Das Ende der Ausnahmen

Indien will ein eigenes Frühwarnsystem. Geltendes Recht soll endlich umgesetzt werden

CHENNAI taz ■ Indien will sich vor einem erneuten Tsunami schützen. Besonderes Augenmerk richtet der Staat auf die Ostküste sowie die Andamanen und Nikobaren. Nach einem Expertentreffen in Delhi erklärte Wissenschaftsminister Kapil Sibal, die Regierung habe die Errichtung eines Früwarnzentrums im südindischen Hyderabad beschlossen. Indien will das Zentrum selbst errichten. Sibal sprach von 30 Millionen Euro Kosten und einem Zeitraum von zweieinhalb Jahren. Ein Informationsaustausch mit anderen Ländern sei aber willkommen.

Damit beginnt auch die Debatte über die ökologischen Verfehlungen, die den natürlichen Schutz vor Fluten in den letzten Jahrzehnten untergraben haben. Indien hatte sich 1991 zwar mit einem Erlass über „Coastal Regulation Zones“ (CRZ) dem ökologischen Schutz der Küstenregionen und Archipele verschrieben. Das wurde seitdem jedoch immer wieder unterlaufen: Der Erlass, der Ansiedlungen bis zu 500 Metern von der Hochwasser-Linie verbietet, ließ jede Menge Ausnahmen zu. Das führte zum Missbrauch vor allem durch die Bauindustrie. Immer wieder wurden für so genannten Sonderwirtschaftszonen die CRZ-Regeln für touristische Bauvorhaben umgangen. Noch im November hatten einige Küstenstaaten von Delhi eine weitere Lockerung der Vorschriften verlangt.

Nach dem Tsunami sind es nun eben diese Bundesstaaten, die schärfere Regeln und eine Sicherheitszone selbst in bebauten Gebieten fordern. Das ist nachvollziehbar, betrachtet man die Küste von Tamil Nadu, wo Armut und Bevölkerungsdichte viele Fischer gezwungen haben, am Strand zu bauen. Sie waren der Flutwelle schutzlos ausgeliefert. Flutwasserzonen werden immer mehr von Bauern bewirtschaftet, und auf den Andamanen sind die Mangrovenwälder laut einer Informationen der Forstverwaltung im letzten Jahrzehnt von 789 auf 233 Quadratkilometer zurückgegangen.

Der Landwirtschaftsexperte M. S. Swaminathan, dessen Stiftung im Küstengebiet von Tamil Nadu arbeitet, erklärt, der wirksamste Schutz vor fahrlässiger Besiedelung sei die Stärkung des „Ökoschilds“ mit Hilfe der Dorfgemeinschaften. Sie sollen zum Beispiel künftig salzwasserresistente Bambussorten anpflanzen.

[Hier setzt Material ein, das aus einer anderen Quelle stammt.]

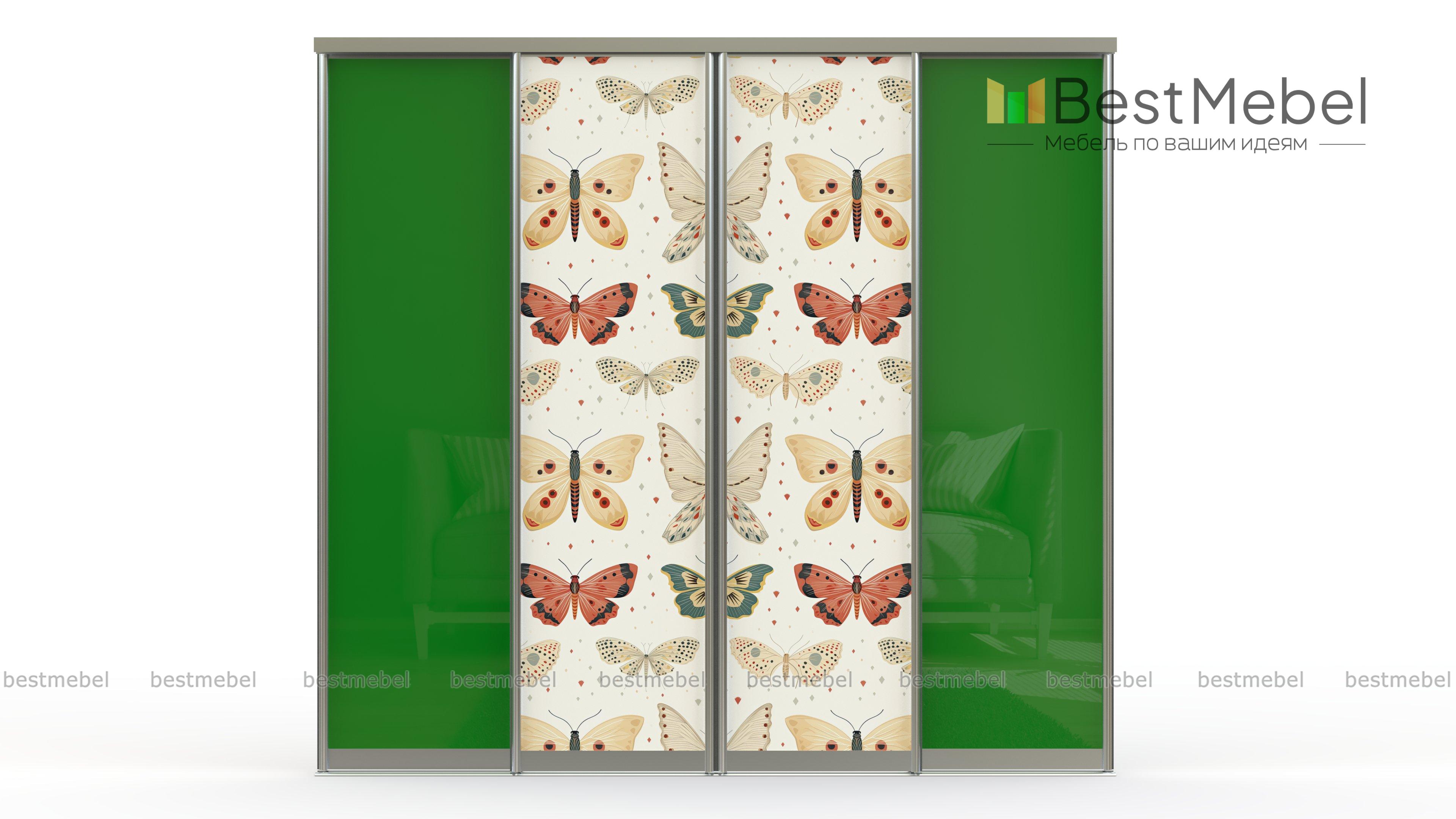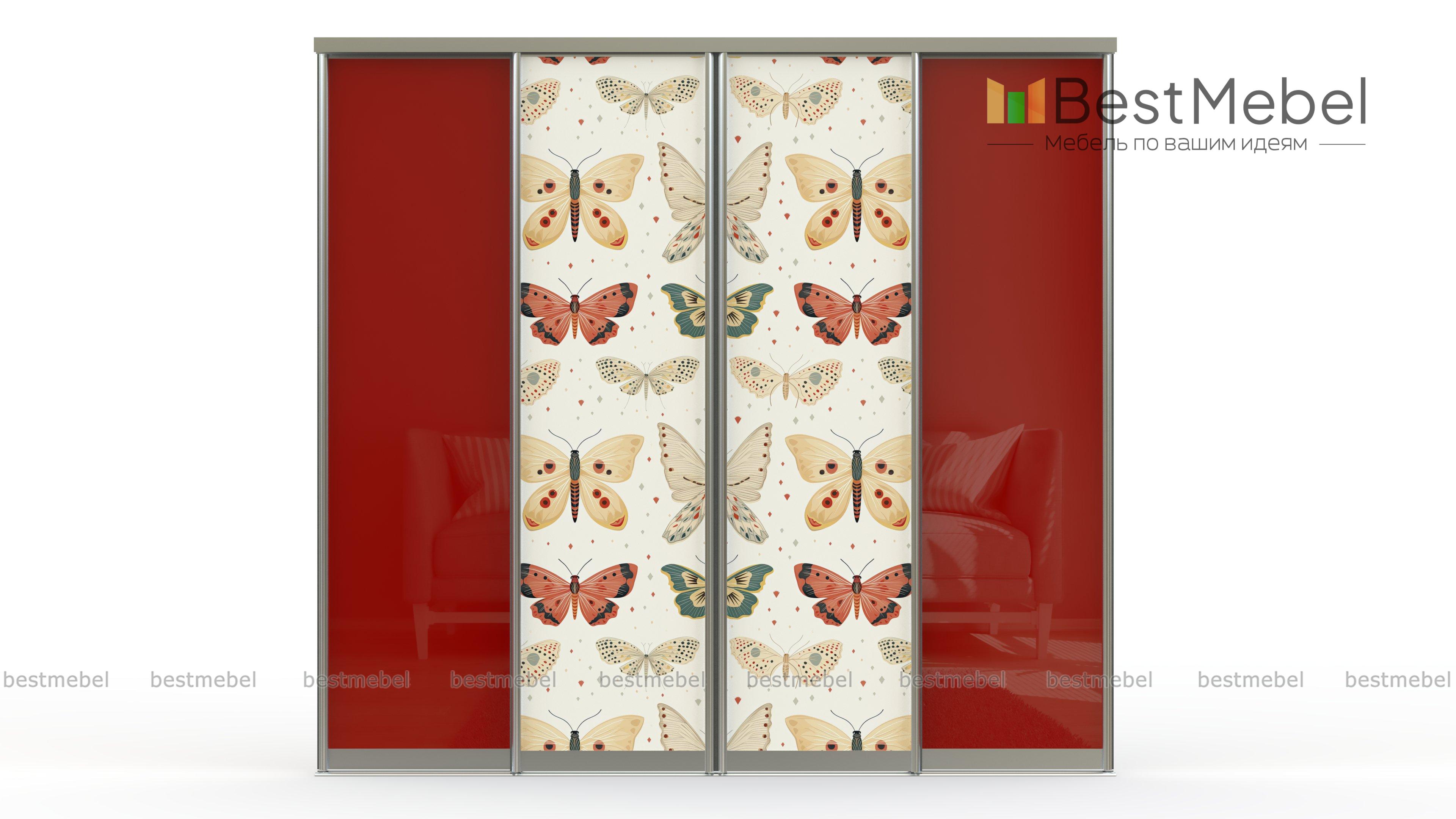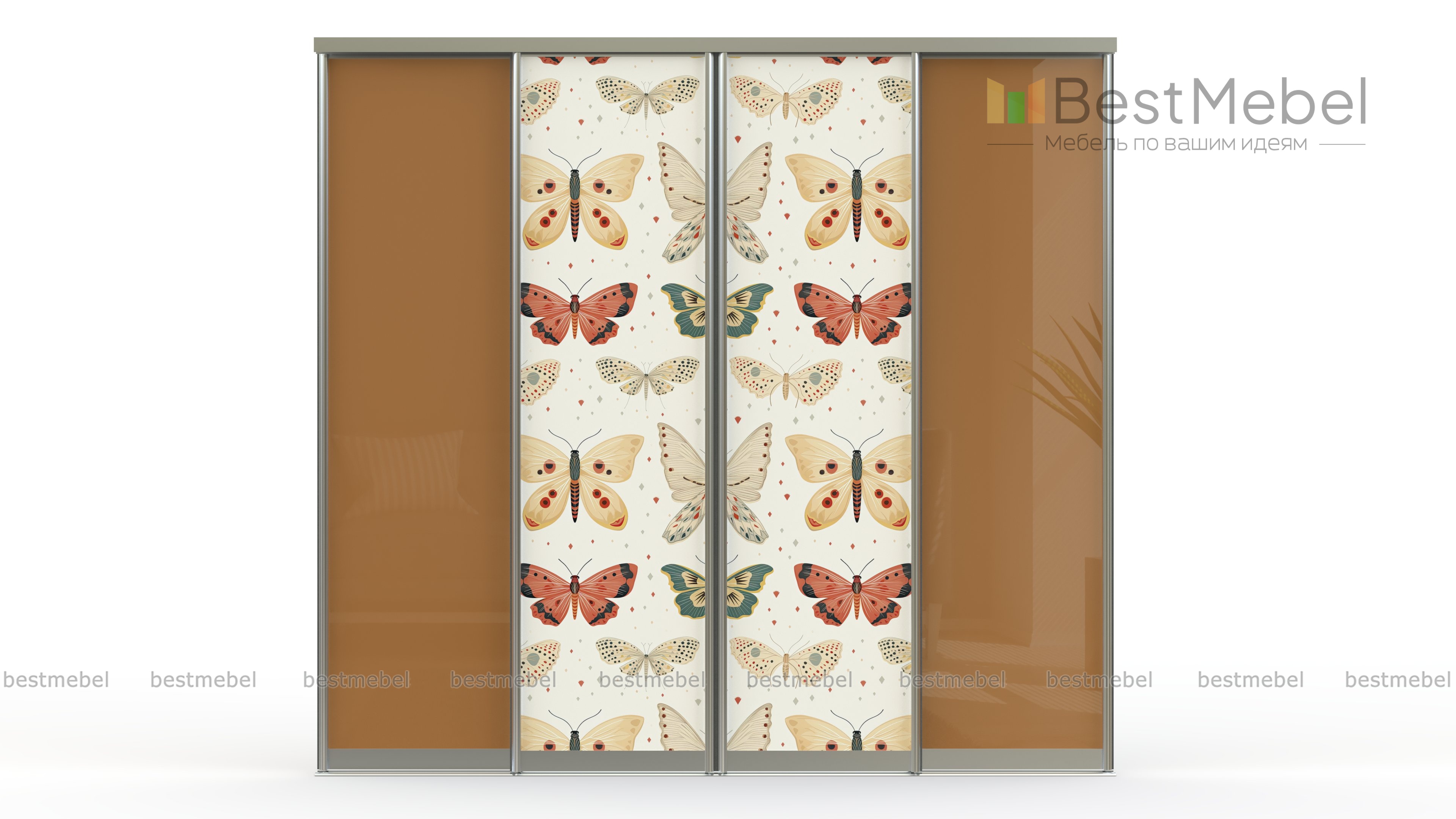 Двери-купе Стайн 1 BMS объединены в готовое интерьерное решение для спальни, гостиной или прихожей. Две двери с популярным принтом «бабочки» и две однотонные глянцевые выполнены в спокойной, приятной глазу палитре. Полотна из стекла, покрытого пленкой Оракал, и ламинированной плиты имеют прочные и легкие каркасы из алюминиевого профиля. Купить двери-купе Стайн 1 BMS приглашаем в наш интернет-магазин, самостоятельно подобрав нужные цвета и размеры.

Die Stiftung hilft bei der Errichtung von „Biodörfern“, deren Bauern freien Zugang zu solchen Setzlingen erhalten.

Auf einer Tagung in Chennai (Madras) wandten sich zahlreiche NGOs gegen Pläne der Regierung von Tamil Nadu, an der Küste einen Betonwall zu errichten. Erste Untersuchungen hätten ergeben, dass solch ein Wall die Welle nicht hätte abhalten können. Dagegen hätten Flutwasserzonen, Deltas und Gebiete mit intakter Küstenvegetation erheblich weniger unter der Gewalt des Tsunami gelitten. Statt Geld für eine Mauer auszugeben, solle man es besser in natürliche Schutzmaßnahmen investieren.

Ein Sonderfall sind die Inselarchipele der Andamanen und Nikobaren. Der CRZ-Erlass behandelt diese als Zone mit besonderem Schutzbedarf. Doch ausgerechnet hier gilt der Erlass noch nicht, er wird vor Gericht angefochten. Zwar genießen die Inseln Schutz vor Tourismus, nur sieben Inseln sind Reisenden zugänglich. Zugleich aber wird dort – trotz Verbots – massiv Küstensand abgebaut wird, weshalb, so NGO-Experte Pankaj Sekhsaria, die flachen Küstenstreifen stark erodieren. Am 26. Dezember war Car Nicobar eine der am stärksten betroffenen Inseln: Alle elf Küstendörfer wurden stark zerstört, 20.000 der 40.000 Einwohner wurden obdachlos.